[Collected data]
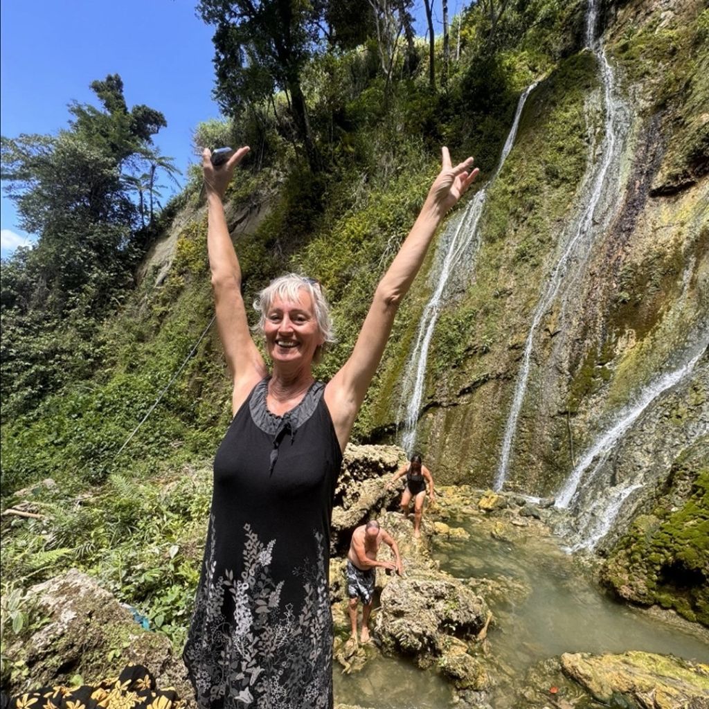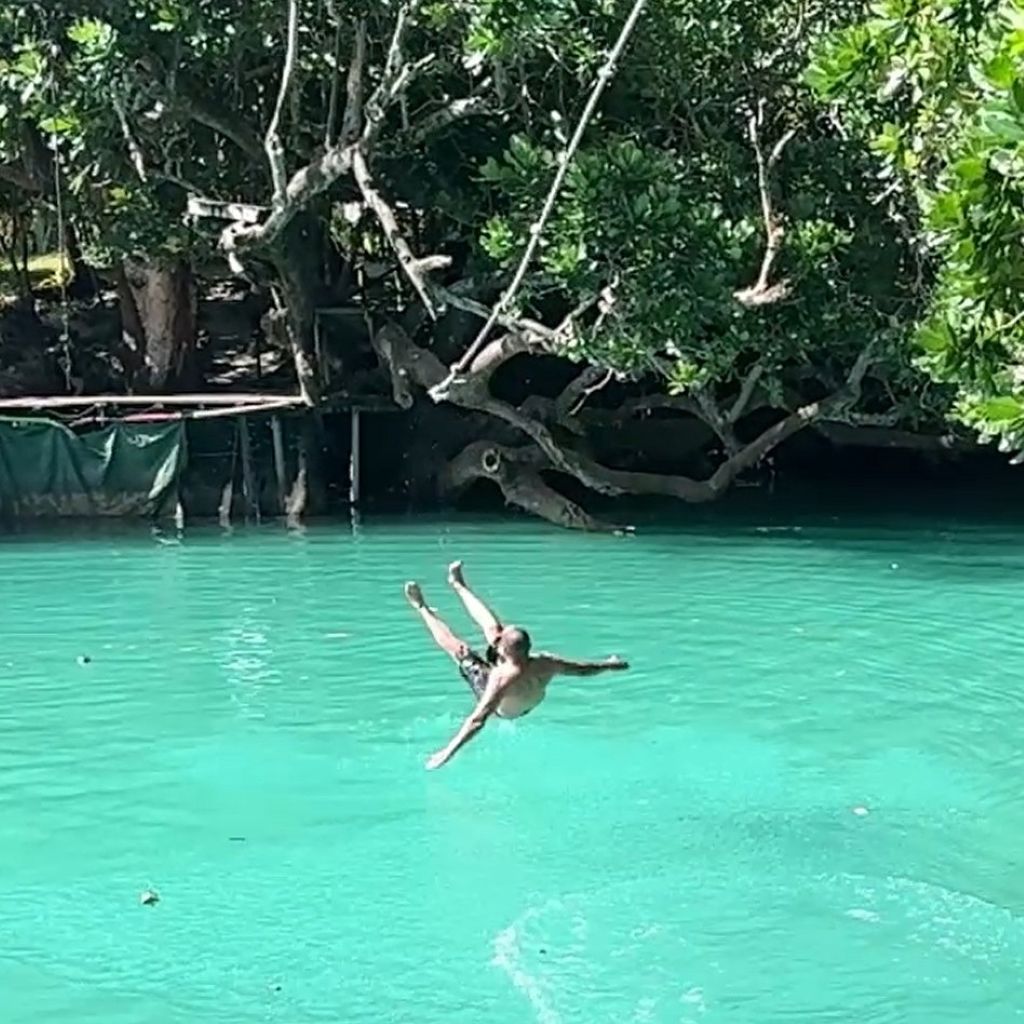 Der klare, türkisfarbene See „Blue Lagoon“ liegt in einer felsigen, grünen Umgebung und gilt als eines der bekanntesten Fotomotive der Insel Efate. Ein ruhiger, flacher Badesee mit feinem Sand am Ufer. Idealer Ort zum Schwimmen und Schnorcheln, der größte Spaß ist das Einschwingen an einem Seil. Bei zunehmender Leibesfülle aber abnehmender Muskelkraft muss ich erkennen, dass es lange her ist, dass dies bei mir sportlich ausgesehen hat.
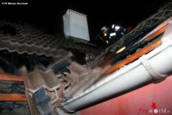 Durch den Vollbrand der Fassade wurden die an der Ostseite des Gebäudes liegenden Zimmer im Erdgeschoß verwüstet. Das Feuer griff durch den Dachvorsprung auf die Dachkonstruktion über und breitete sich in einem Hohlraum unter dem Dach rasant aus. Nur durch massiven Wassereinsatz kombiniert mit dem Abtragen des Daches konnte der Brand schließlich um ein Uhr unter Kontrolle gebracht werden. Einzelne Brandnester konnten nur abgelöscht werden, indem von innen mittels Einreißhaken und Kettensäge die Zwischendecke geöffnet wurde, damit das Wasser sein Ziel erreicht.
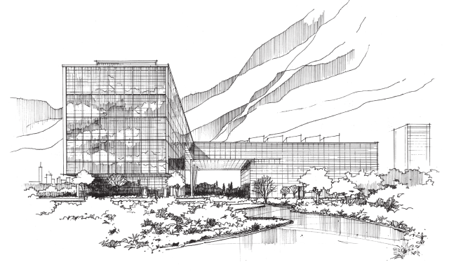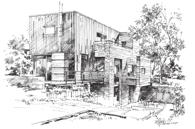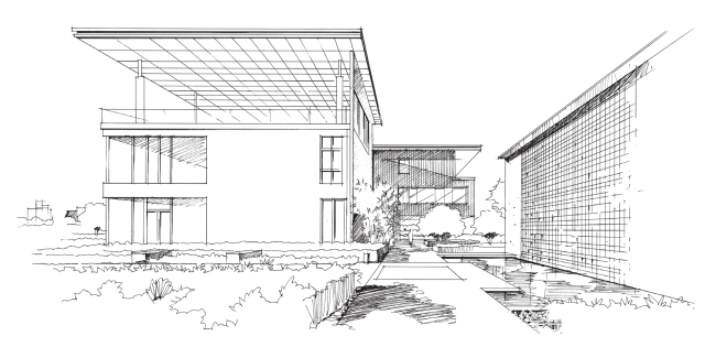 要点三:继续深入画面,去掉多余的辅助线,深入刻画建筑外墙面的材质和建筑配景,此步骤注意要表现建筑配景和建筑的协调统一关系。要点四:最后深入画面 ; 建筑配景中的乔木、水体、灌木丛等,用线时要和建筑区分开,一般在表达配景时多为植物,注意植物叶子和灌木整体的形状表达;建筑画和建筑配景视为一个整体,光影的统一、线条的虚实、素描关系的处理都是表达的要点。
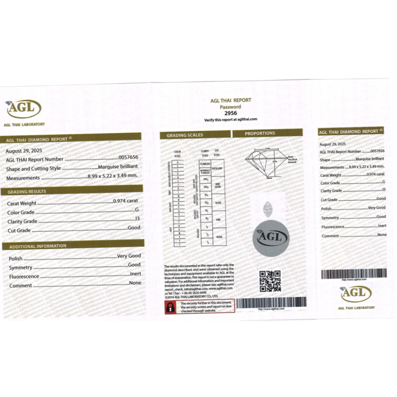 0.974CT CERTIFIED, NATURAL DIAMOND Marquise Brilliant Cut, G Colour, I3 Clarity, Loose, Unset. Stone Comes Sealed With Agl Report: 0057656. Valuations Provided by an Independent Third-Party Professional Not Directly Associated With Lloyds Auctions at AUD $$10,200.00This valuation has been conducted by an independent third-party professional. The valuation amount is an assessment by the issuing valuer and does not reflect the auction value of the item. Any inquiries regarding the valuation should be directed to the issuing valuer (refer to contact details on the certificate), as Lloyds Auctions has no affiliation or influence over the valuation, the valuer, or the stated amount. Condition: Good - Refer Images 0645906+2204
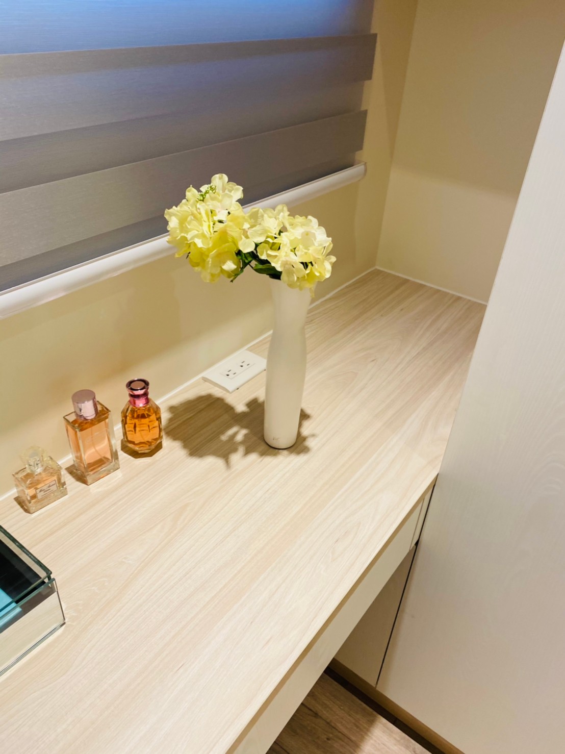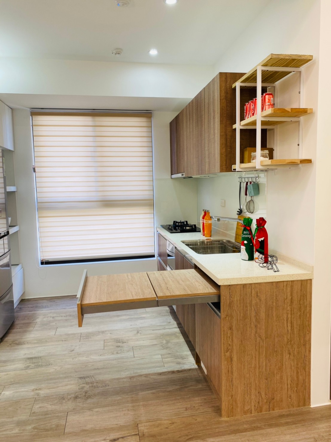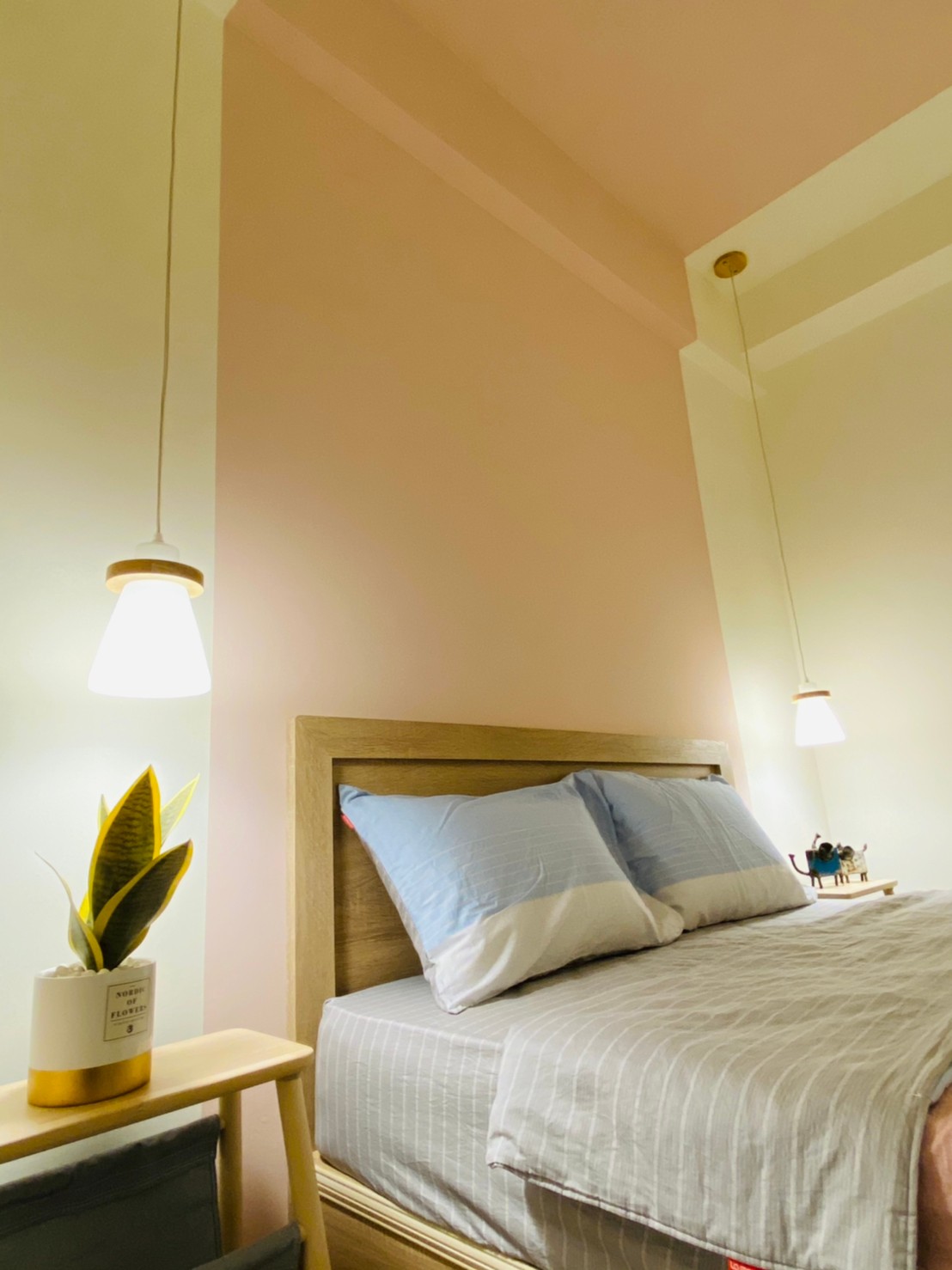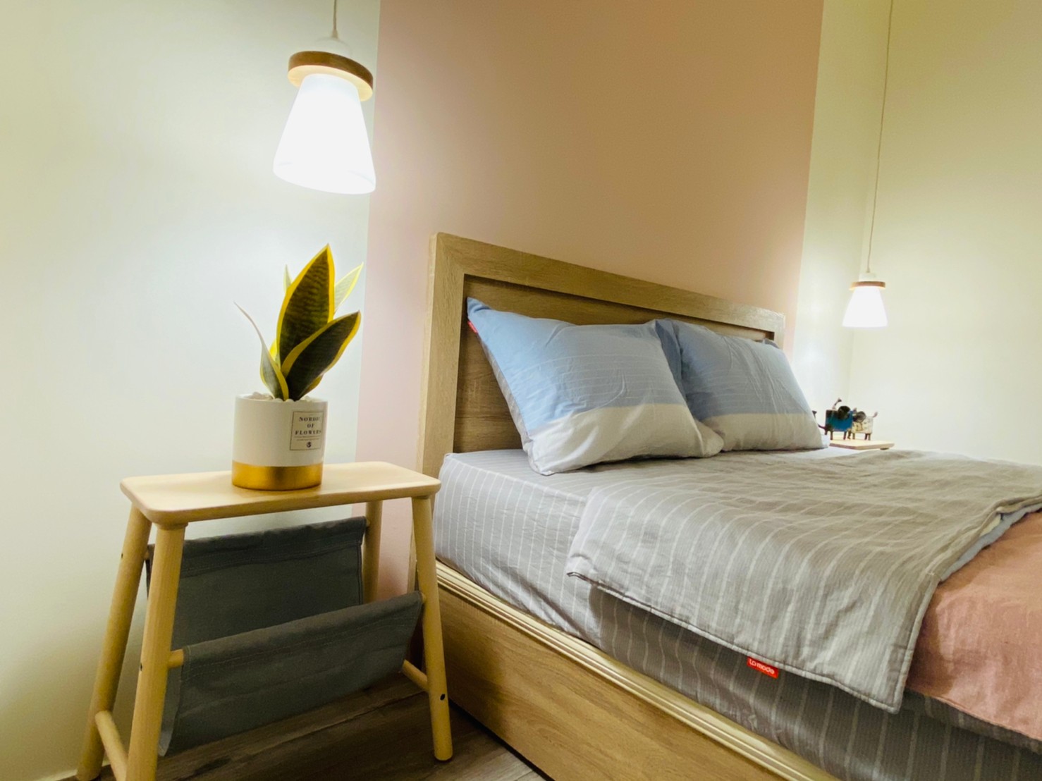 私領域則轉以淺色木紋高櫃與柔和色系鋪陳,降低視覺重量,讓房間在具備充足收納量的同時,仍保有輕盈與舒適感。透過材質與色彩的轉換,使公共與私領域在風格上既連貫又各具層次。

__Exercise objective__:
Could you return each entry word for word, with the images omitted?

__Completed task__:
 Der klare, türkisfarbene See „Blue Lagoon“ liegt in einer felsigen, grünen Umgebung und gilt als eines der bekanntesten Fotomotive der Insel Efate. Ein ruhiger, flacher Badesee mit feinem Sand am Ufer. Idealer Ort zum Schwimmen und Schnorcheln, der größte Spaß ist das Einschwingen an einem Seil. Bei zunehmender Leibesfülle aber abnehmender Muskelkraft muss ich erkennen, dass es lange her ist, dass dies bei mir sportlich ausgesehen hat.
 Durch den Vollbrand der Fassade wurden die an der Ostseite des Gebäudes liegenden Zimmer im Erdgeschoß verwüstet. Das Feuer griff durch den Dachvorsprung auf die Dachkonstruktion über und breitete sich in einem Hohlraum unter dem Dach rasant aus. Nur durch massiven Wassereinsatz kombiniert mit dem Abtragen des Daches konnte der Brand schließlich um ein Uhr unter Kontrolle gebracht werden. Einzelne Brandnester konnten nur abgelöscht werden, indem von innen mittels Einreißhaken und Kettensäge die Zwischendecke geöffnet wurde, damit das Wasser sein Ziel erreicht.
 要点三:继续深入画面,去掉多余的辅助线,深入刻画建筑外墙面的材质和建筑配景,此步骤注意要表现建筑配景和建筑的协调统一关系。要点四:最后深入画面 ; 建筑配景中的乔木、水体、灌木丛等,用线时要和建筑区分开,一般在表达配景时多为植物,注意植物叶子和灌木整体的形状表达;建筑画和建筑配景视为一个整体,光影的统一、线条的虚实、素描关系的处理都是表达的要点。
 0.974CT CERTIFIED, NATURAL DIAMOND Marquise Brilliant Cut, G Colour, I3 Clarity, Loose, Unset. Stone Comes Sealed With Agl Report: 0057656. Valuations Provided by an Independent Third-Party Professional Not Directly Associated With Lloyds Auctions at AUD $$10,200.00This valuation has been conducted by an independent third-party professional. The valuation amount is an assessment by the issuing valuer and does not reflect the auction value of the item. Any inquiries regarding the valuation should be directed to the issuing valuer (refer to contact details on the certificate), as Lloyds Auctions has no affiliation or influence over the valuation, the valuer, or the stated amount. Condition: Good - Refer Images 0645906+2204
 私領域則轉以淺色木紋高櫃與柔和色系鋪陳,降低視覺重量,讓房間在具備充足收納量的同時,仍保有輕盈與舒適感。透過材質與色彩的轉換,使公共與私領域在風格上既連貫又各具層次。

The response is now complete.